For blobs you want to only cache metadata: clients access data randomly, there is little benefit in cache churn.
Databases, on the other hand, benefit strongly from caching: with metadata-only caching on my node the dashboard takes over a minute to refresh. With full caching – about a second.
As you can see there are conflicting requirement. Naturally, the best solution is to keep databases on a separate dataset, with separate caching configuration.
I’ve created that dataset with 64k sector size, to better match sqlite usage. The dataset for the rest of the storj data is kept at default 128k: even though storj recommended chunk size is 64M, I found vast majority of files are significantly smaller than that. 128k sectors provide a good balance between overhead and space usage. Keep the default ZFS compression on – this helps to conserve disk space for incomplete sectors. The databases dataset is mounted separately into the storj jail and the path to it is specified in the config file via
storage2.database-dir:
parameter:# path to store data in storage.path: /mnt/storj ... # directory to store databases. if empty, uses data path storage2.database-dir: "/mnt/storj-databases"

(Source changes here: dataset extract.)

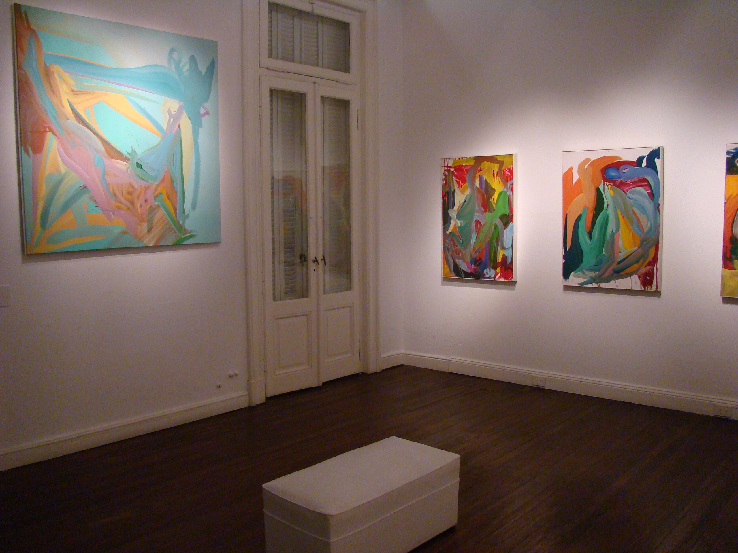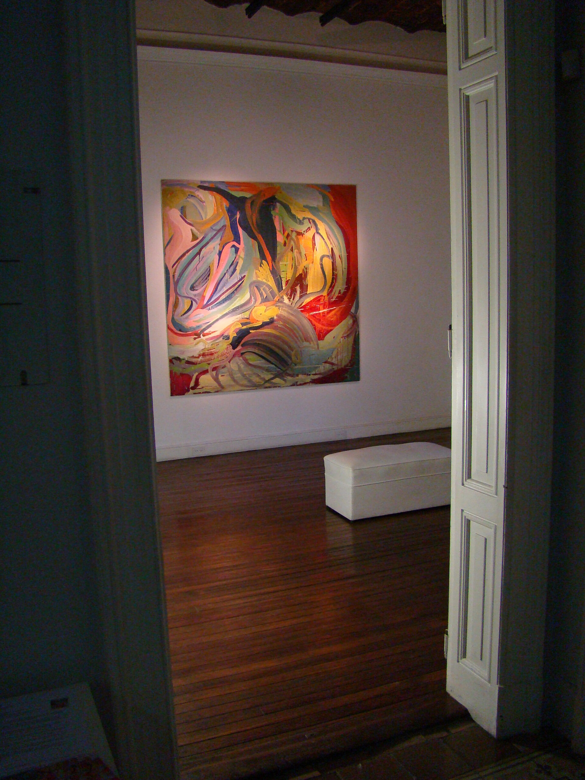 Lucía Sorans toma unos pigmentos, los humecta con aceite (y otros secretos), para dar consistencia a una materia que luego amasa meticulosa y pacientemente, y que finalmente será trasladada a la superficie de la tela o del papel a través de meditadas pinceladas. Así la pintora, entró en sintonía con su pulso de trabajo. El decisivo salto a la nueva superficie, lo resuelve con extraordinaria naturalidad ya que no comienza a pintar a partir de ese momento sino que estaba pintando desde hacia rato, solo que ahora despliega su gesto dentro de un territorio que está dispuesto a registrar con total fidelidad la descarga, sin importar si esta es un extraño y gracioso arabesco, un sinuoso y áspero traslado del pincel, un abigarrado agrupamiento rítmico, trazados rectos o curvos o cualquiera de los innumerables recursos con los que cuenta la artista para recorrer y conquistar el nuevo terreno. Ahora la superficie antes vacía la encontramos más o menos poblada. Pero nunca tanto como para dejar de percibir, cómo la extraordinaria quietud del plano, refleja la más o menos compleja trama que se fue desplegando. Violencia y tranquilidad se perciben dentro de un clima relajado nunca demasiado atiborrado ni demasiado vacío. El ilusorio espacio interior del cuadro actúa como un imán que atrae e invita a caer en el hipnótico vértigo de su interior. De pronto la pintora ve como la superficie se adueñó de sus pinceladas y en la simultánea evidencia de cómo ellas establecen su propio juego y arman su propio espacio-lugar, no le queda más que mirar extrañada esta incontrolable situación. A partir de ahí ella está casi en la misma situación que nosotros cuando nos encontramos por primera vez frente a uno de sus cuadros. Esta feliz, inquietante o extraña conjunción es posible gracias a que la imagen construida por Sorans, se encarga de no ocultar ninguna de las huellas que la llevaron a ese sorpresivo lugar. Cada pincelada es como un granito de arroz que fue dejando en el trayecto, para saber cómo retornar al lugar de origen. Este descarnado proceder (hay mucho de descarnado en las pinturas de Lucía), hace que el espacio imaginario de sus obras sea visceral, de manera que si nos dejamos atrapar por su vital circulación podemos (haciendo el camino inverso que ella), saltar a su paleta -tal vez más allá también- sin olvidarnos en ningún momento que estamos dentro de una pintura. Este camino de ida y vuelta lo podemos recorrer repetidas veces y de pronto descubrir que la sólida y a la vez vaporosa contextura de sus imágenes quizá se deba a que el clímax elegido por la artista para abandonar el trabajo, esté ubicado allí donde la cualidad de la imagen, se armó sin desconocer su origen, sin ocultar su pasión por pintar, sin dejar nunca de dar consistencia a lo que sí.

With that, caching is configured as follows:
zfs set primarycache=metadata pool1/storj zfs set primarycache=all pool1/storj/databases
You may go a step further and apply this to a secondary cache as well: as discussed above, caching blob data does not help performance with current access pattern, but may increase SSD usage. When you have significant traffic on the node and the nature of the traffic changes somewhat – i.e. when sufficient amounts of chunks are accessed more than once repeatedly – you may decide to switch secondary cache back to all.
zfs set secondarycache=metadata pool1/storj zfs set secondarycache=all pool1/storj/databases
That’s pretty much all I had.